**Information shown**
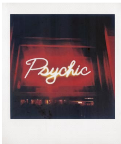
11_Instax0162 © Michaela Spiegel
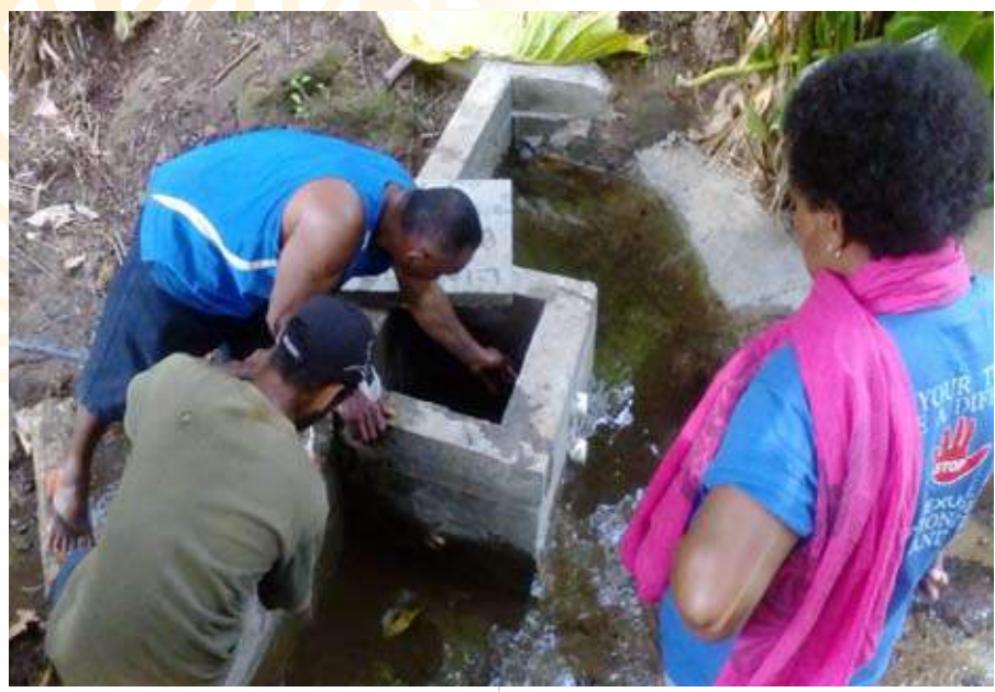
Residents of Welagi try out their new water project .

"When there is water shortage in the village, we would have to go to the river to get water. For the 17 years we have lived here, our toilet can now flush. With two families

**Brief**
Could the data above be reproduced exactly, with the pictures left out?

**Exercise answer**
11_Instax0162 © Michaela Spiegel
Residents of Welagi try out their new water project .

"When there is water shortage in the village, we would have to go to the river to get water. For the 17 years we have lived here, our toilet can now flush. With two families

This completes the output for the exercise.